__YOUR INSTRUCTIONS__.
Within the records below, find the line with "قفل ساعت فری" and the line with "Dr. K. Sundara", then reproduce exactly those two lines and all lines between them, without any picture.

__DATA PROVIDED__.
┌──
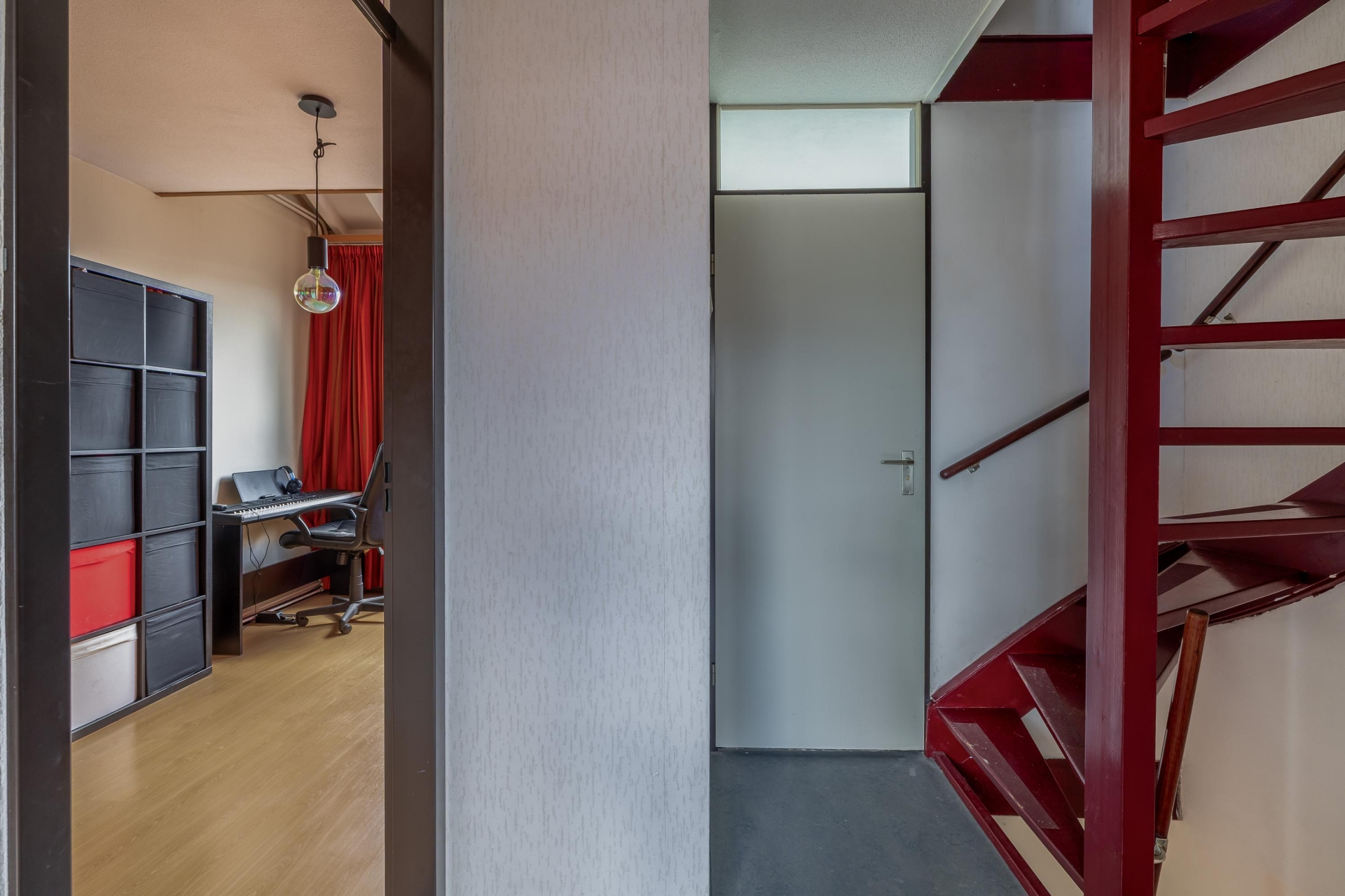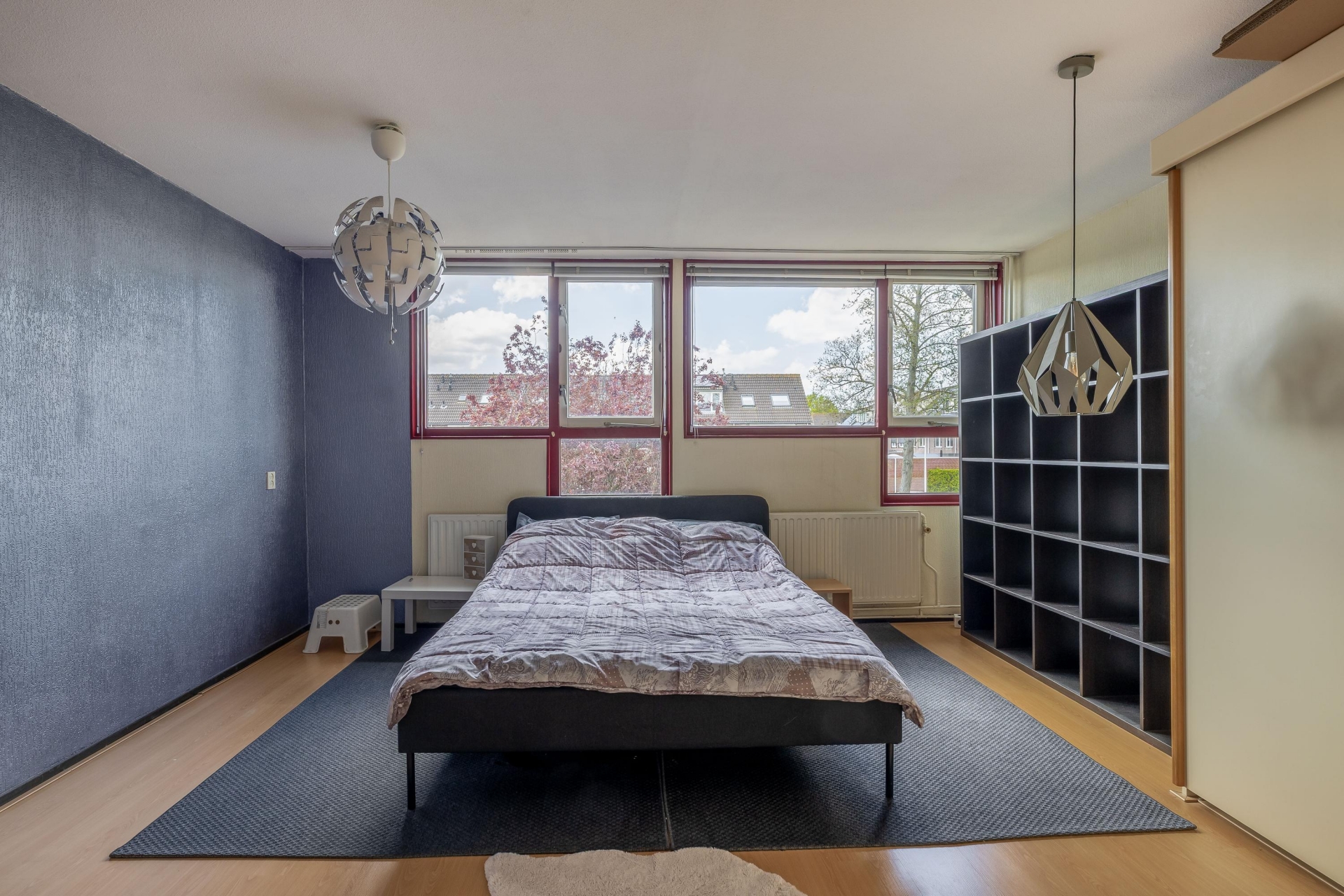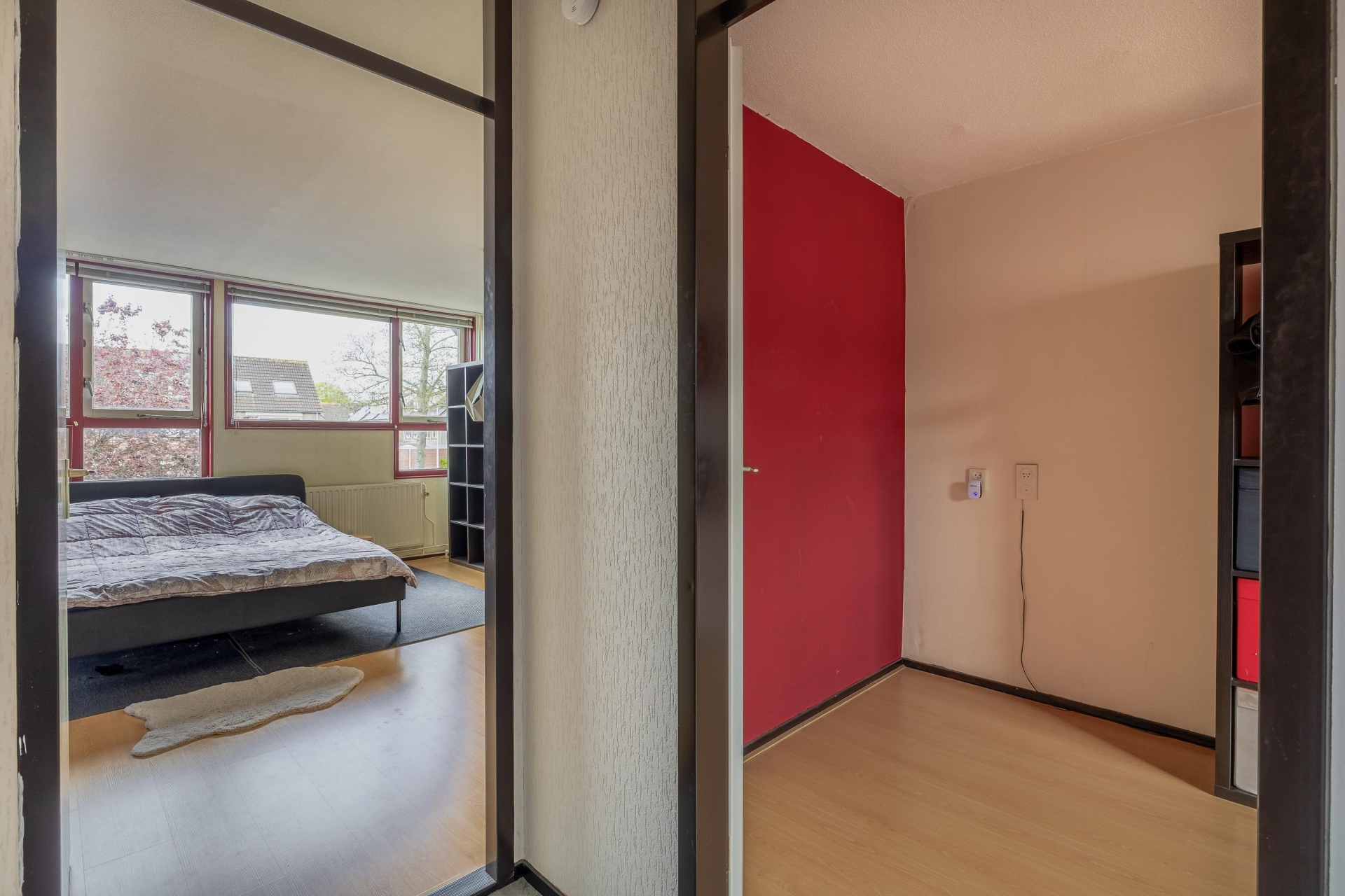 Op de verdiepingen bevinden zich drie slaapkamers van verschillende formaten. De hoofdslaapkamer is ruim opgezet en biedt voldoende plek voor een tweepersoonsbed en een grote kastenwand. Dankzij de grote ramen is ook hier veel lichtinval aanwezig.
└──
┌──
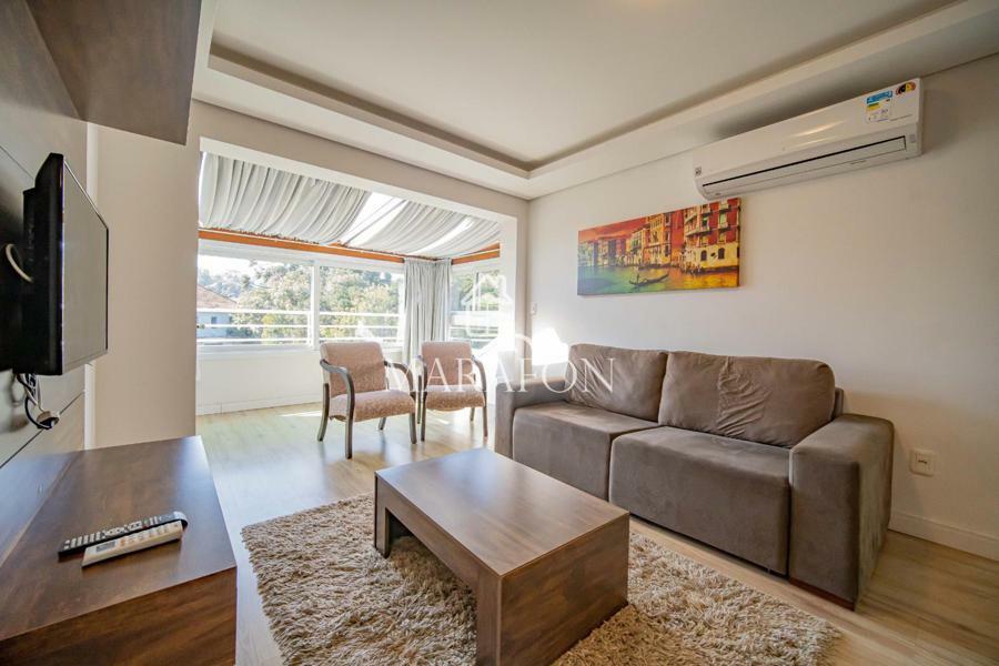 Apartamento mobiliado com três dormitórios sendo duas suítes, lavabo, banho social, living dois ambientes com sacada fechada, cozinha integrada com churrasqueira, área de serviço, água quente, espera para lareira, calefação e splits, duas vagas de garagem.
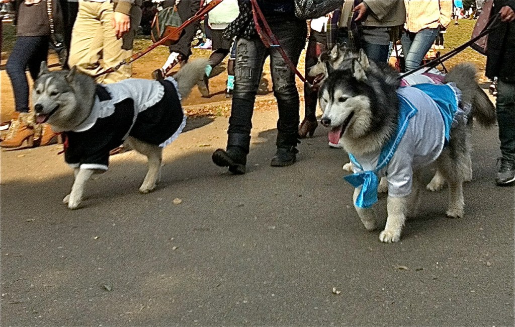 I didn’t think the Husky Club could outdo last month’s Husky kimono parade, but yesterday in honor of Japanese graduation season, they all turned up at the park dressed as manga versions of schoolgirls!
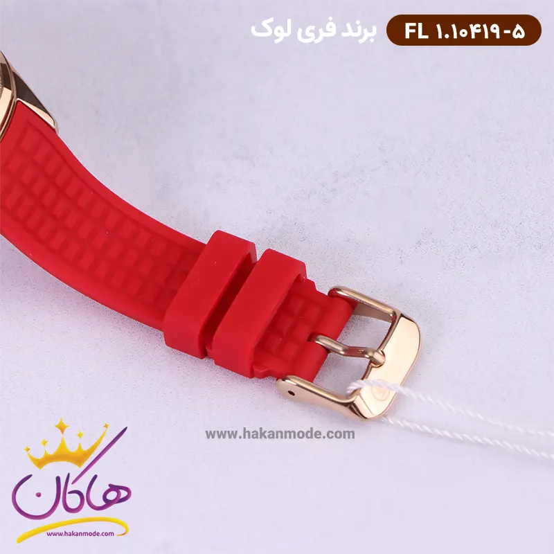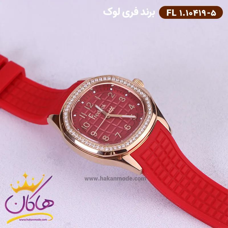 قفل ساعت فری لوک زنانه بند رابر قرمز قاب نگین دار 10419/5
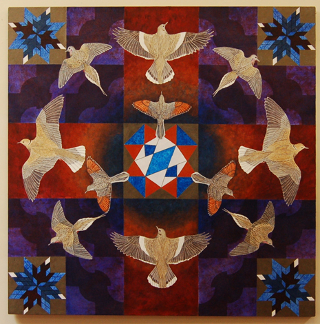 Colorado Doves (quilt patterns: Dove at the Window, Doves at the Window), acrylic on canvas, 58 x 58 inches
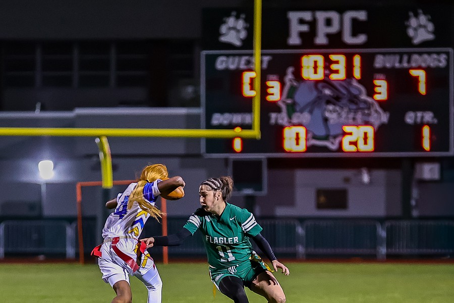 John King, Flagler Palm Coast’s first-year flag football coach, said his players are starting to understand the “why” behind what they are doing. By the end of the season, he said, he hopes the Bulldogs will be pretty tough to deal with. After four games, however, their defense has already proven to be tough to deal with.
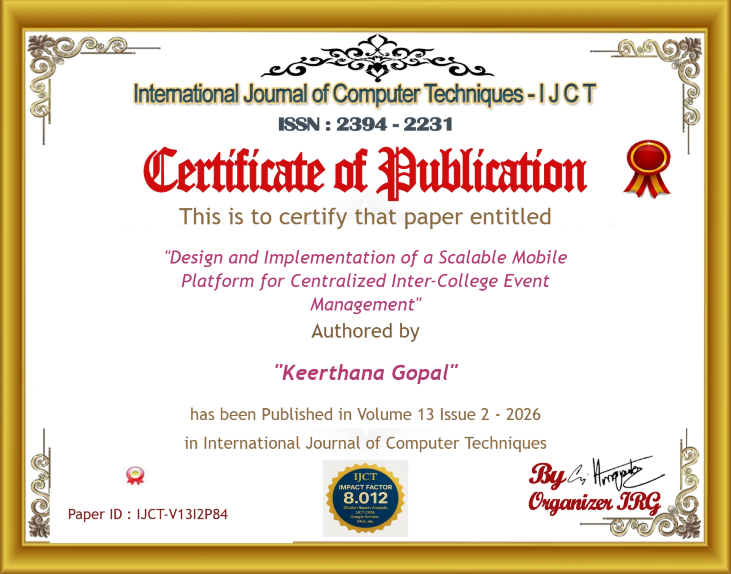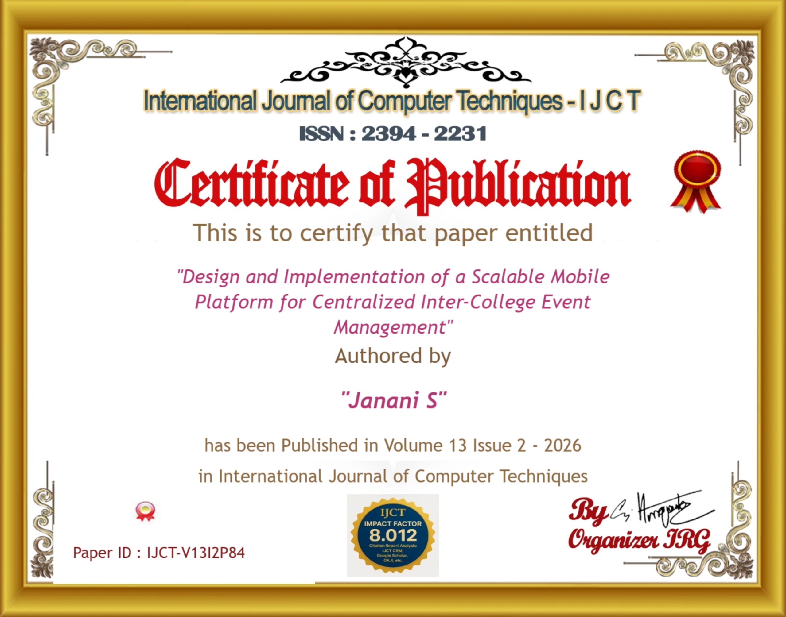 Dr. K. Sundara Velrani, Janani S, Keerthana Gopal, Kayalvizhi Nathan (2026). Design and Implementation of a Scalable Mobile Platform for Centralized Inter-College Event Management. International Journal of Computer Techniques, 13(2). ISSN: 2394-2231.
└──
__ANSWER SPACE__.
 قفل ساعت فری لوک زنانه بند رابر قرمز قاب نگین دار 10419/5
 Colorado Doves (quilt patterns: Dove at the Window, Doves at the Window), acrylic on canvas, 58 x 58 inches
 John King, Flagler Palm Coast’s first-year flag football coach, said his players are starting to understand the “why” behind what they are doing. By the end of the season, he said, he hopes the Bulldogs will be pretty tough to deal with. After four games, however, their defense has already proven to be tough to deal with.
 Dr. K. Sundara Velrani, Janani S, Keerthana Gopal, Kayalvizhi Nathan (2026). Design and Implementation of a Scalable Mobile Platform for Centralized Inter-College Event Management. International Journal of Computer Techniques, 13(2). ISSN: 2394-2231.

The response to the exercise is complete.